(WORK REQUEST): As you write out the lines from the one containing "本网讯(通讯员 张一能)近日" through the last line of the records, keep them exact and leave out pictures.

#### PROVIDED DATA

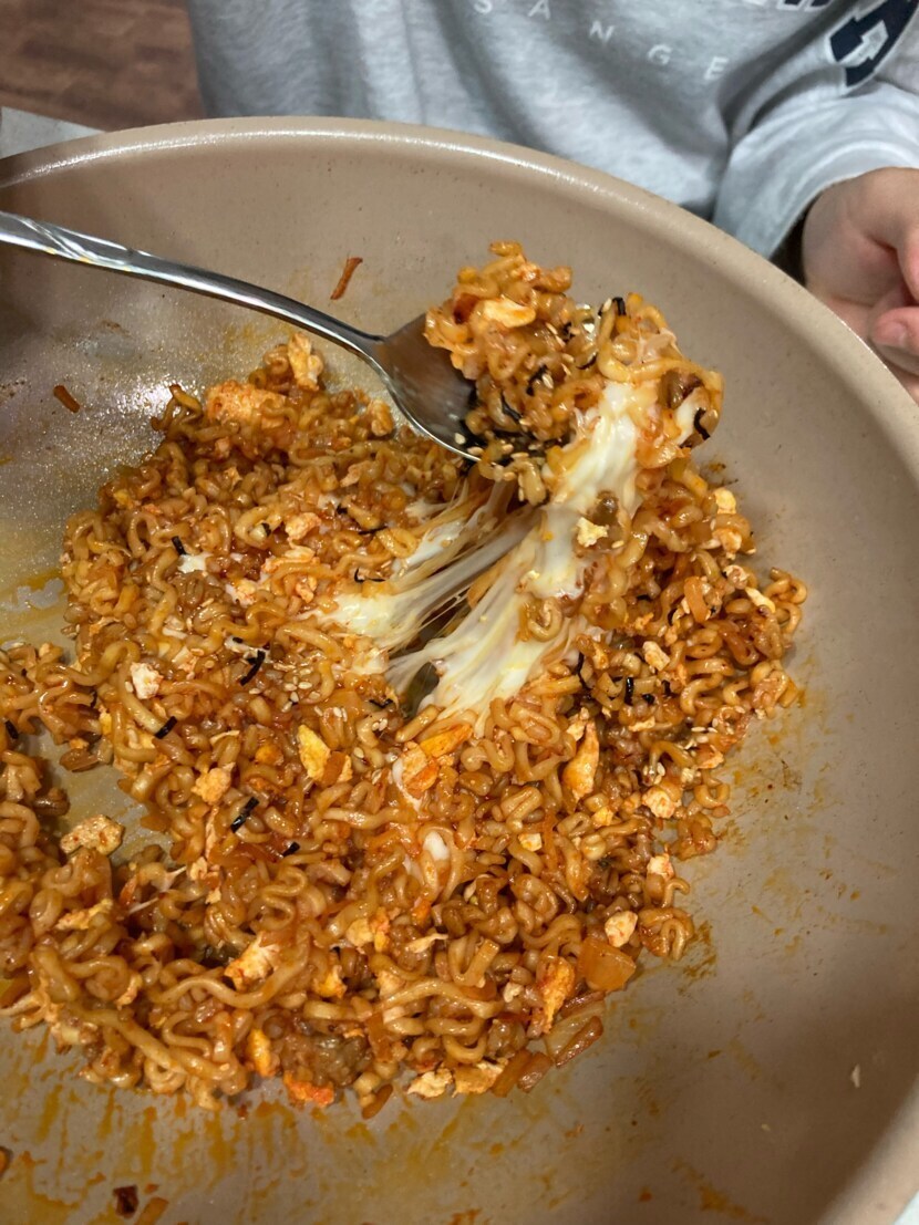 22.02.09 276 읽음 불닭볶음밥.. 아시나요?? 지금이 최선입니까! 구독하기 35 29 콘텐츠의 수익 9 불닭볶음밥이랍니다. 큰딸이 어디서 봤는지 먹고싶다고 해서 해줬어요. 면을 삶고 잘게 잘라서 햄이랑 소스 넣고 밥이랑 볶은 후 치즈 올려 먹는다고 하더군요. 햄은 없어서 패스하고 치즈도 네모 치즈라는데 없어서 모짜렐라 치즈 넣고 뚜껑 덮어서 살짝 데웠어요. 그리고 버터 한 조각…불닭볶음면 너무 매워 많이 못 먹는데 이렇게 먹으면 먹을만 하네요. 특식으로 강추해 봅니다. 29 0 / 300 입력
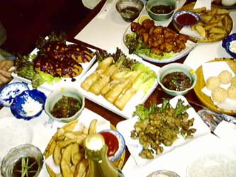 今回の宴会はセットになってるので、会費は抑え目。で、続々と料理が並べられてゆく。
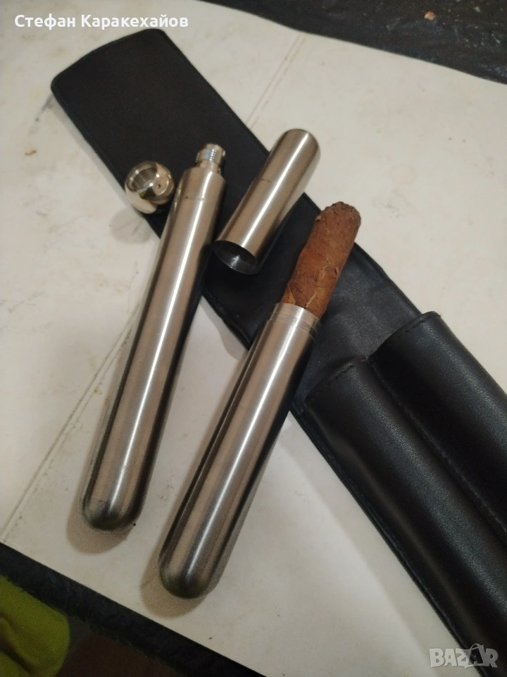 Неизползван, включва шише за алкохол, контейнер за пура и кожен калъф
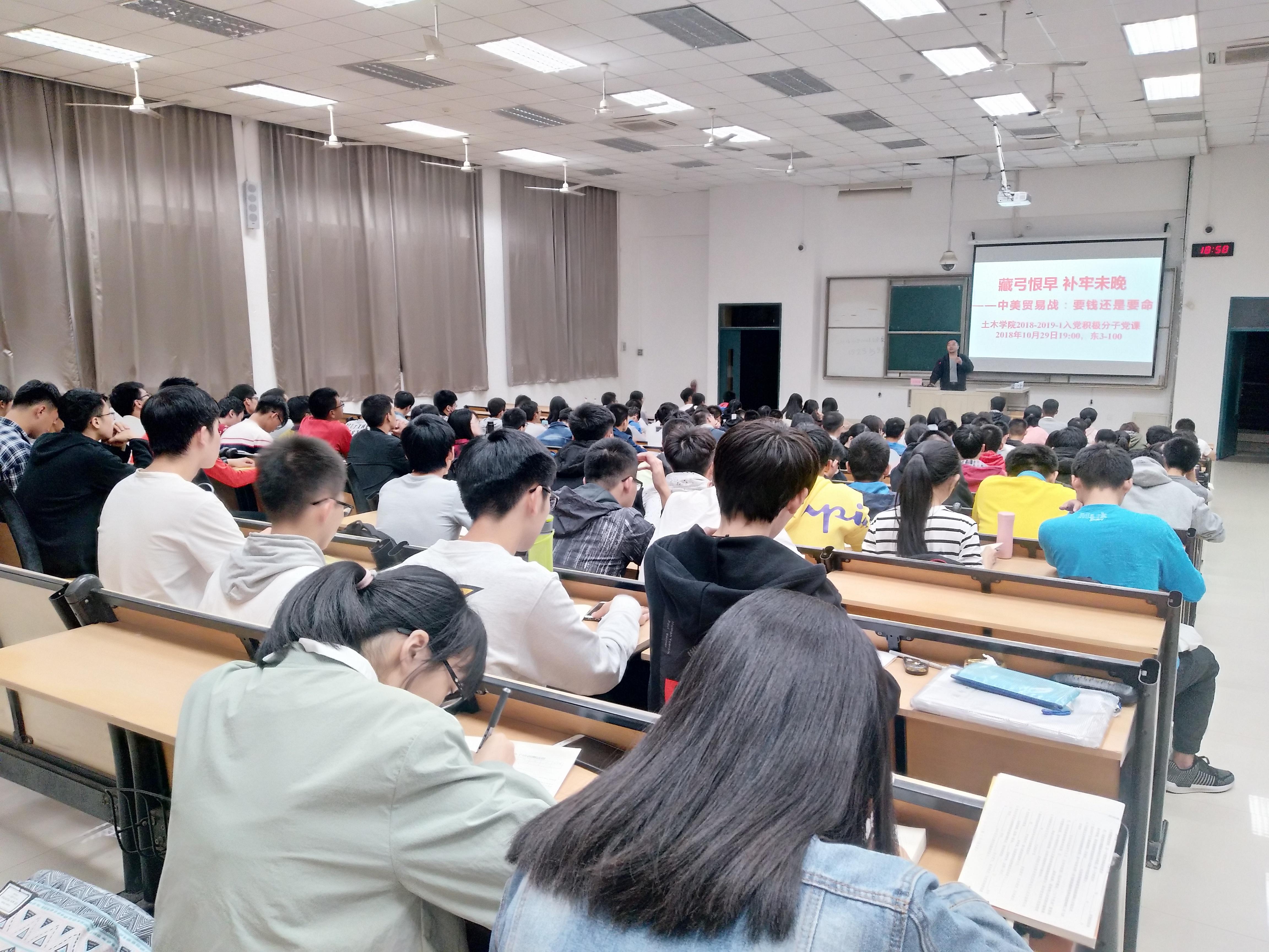 材料学院党委副书记王剑龙为培训班学员上了一堂题为《藏弓恨早 补牢未晚——中美贸易战:要钱还是要命》的专题党课。
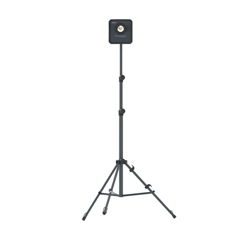Штатив Scangrip Tripod призначений для стаціонарного розміщення ламп робочого освітлення і підсвічування певної ділянки приміщення. Висота регулюється в межах від 1.35 до 3 м, що дає змогу встановлювати світильники на необхідній висоті. Прожектор можна нахиляти для забезпечення оптимального кута освітлення.
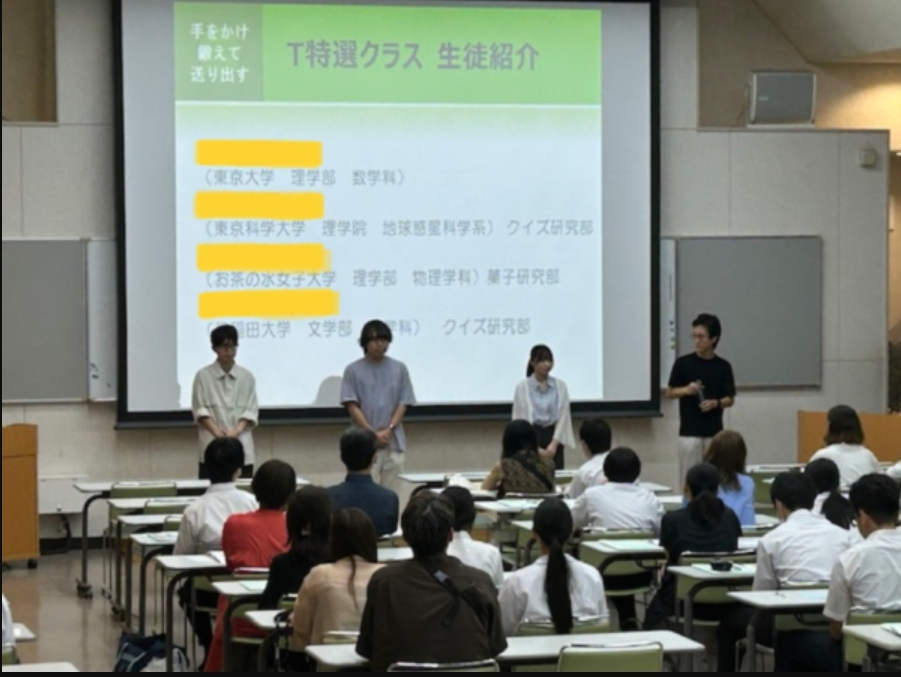 「T特選クラス」は東大・京大を含めた難関国公立大学合格を目標と掲げるクラスです。もちろん部活動や学校行事にも全力で取り組み、高校3年間の充実を図るクラスでもあります。二つのクラスに共通していることは、勉強面での努力は当たり前。さらにその上をめざしてクラス全体で取り組んでいこうとする姿勢です。黙々と勉強を続けることには孤独感が伴いがちですが、どちらのコースも高く掲げる明確な目標があり、その実現に向けてクラス全体で取り組んでいくところです。今回の説明会では、それぞれのクラスを卒業した現役の大学生・大学院生から、現役時代の高校生活について語ってもらいました。彼らの生の声は、我々教員の説明など比較にならないほど説得力があります。クラブとの両立の苦労話やとにかく勉強を楽しもう!など、年令の近い先輩たちの話は、中学生にとってはとても身近に感じたようです。説明会後のアンケートでも「卒業生インタビュー」がとても参考になったとの意見が多数寄せられていました。
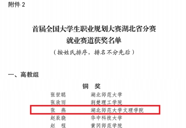 本网讯(通讯员 张一能)近日,首届全国大学生职业规划大赛湖北省分赛在湖北大学落下帷幕。我校经济与管理学部经济学2201班吴郁获得成长赛道高教组铜奖,经济与管理学部经济学2101班张燕获得就业赛道高教组铜奖。
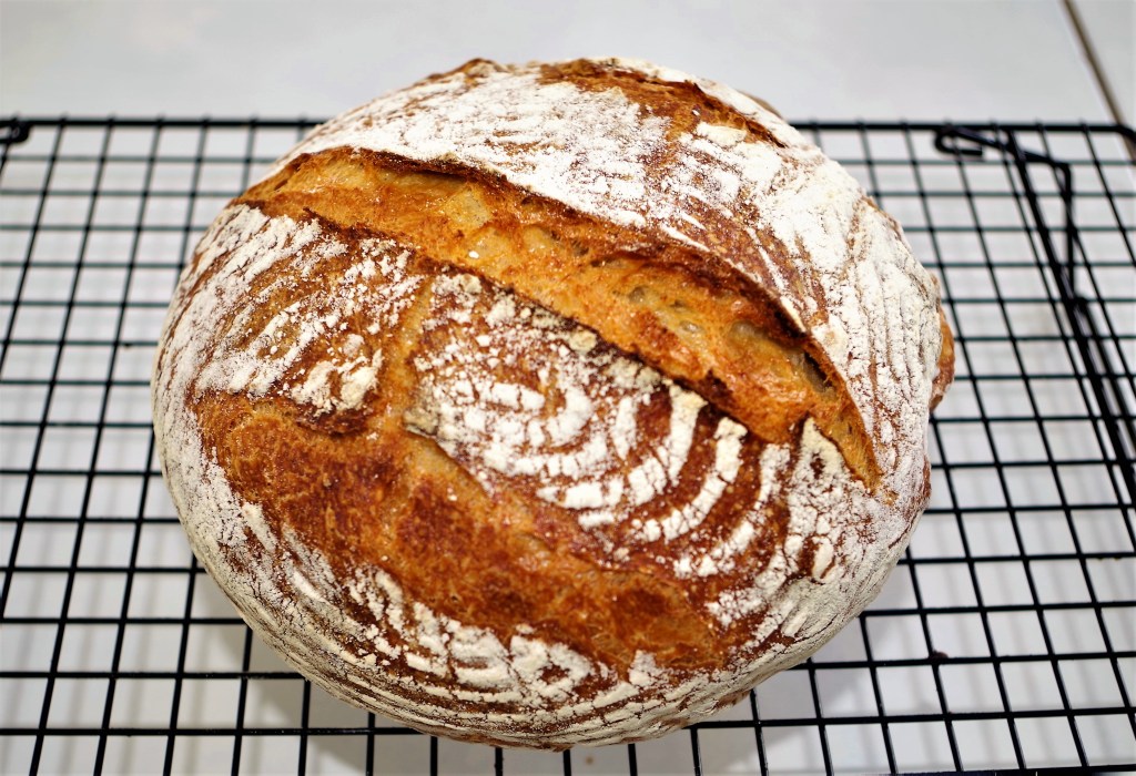 Time: 30 min. initial “hands-on”, 60 – 90 min. first prove, 15 – 20 min. second “hands on”, 30 – 45 min. second prove, 30 – 40 min. baking. NB Proving times will vary according to the temperature in your kitchen. With a stand mixer the “hands on” time will be reduced a little.
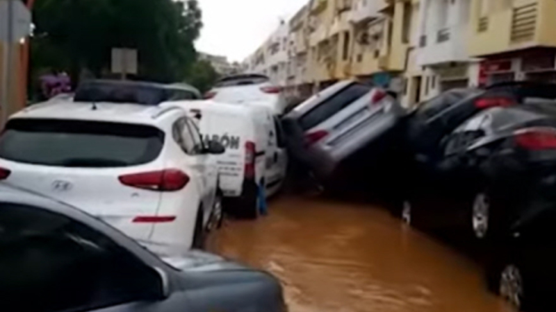 VIDEO: Veje forvandlet til floder, biler trukket væk, boliger under vand. For en uge siden knoklede brandfolk mod flammehav i Sydspanien, og mens branden endnu ikke er erklæret for slukket, knokler man nu med et ganske andet element.

########

(SOLUTION TO THE PROBLEM):
 本网讯(通讯员 张一能)近日,首届全国大学生职业规划大赛湖北省分赛在湖北大学落下帷幕。我校经济与管理学部经济学2201班吴郁获得成长赛道高教组铜奖,经济与管理学部经济学2101班张燕获得就业赛道高教组铜奖。
 Time: 30 min. initial “hands-on”, 60 – 90 min. first prove, 15 – 20 min. second “hands on”, 30 – 45 min. second prove, 30 – 40 min. baking. NB Proving times will vary according to the temperature in your kitchen. With a stand mixer the “hands on” time will be reduced a little.
 VIDEO: Veje forvandlet til floder, biler trukket væk, boliger under vand. For en uge siden knoklede brandfolk mod flammehav i Sydspanien, og mens branden endnu ikke er erklæret for slukket, knokler man nu med et ganske andet element.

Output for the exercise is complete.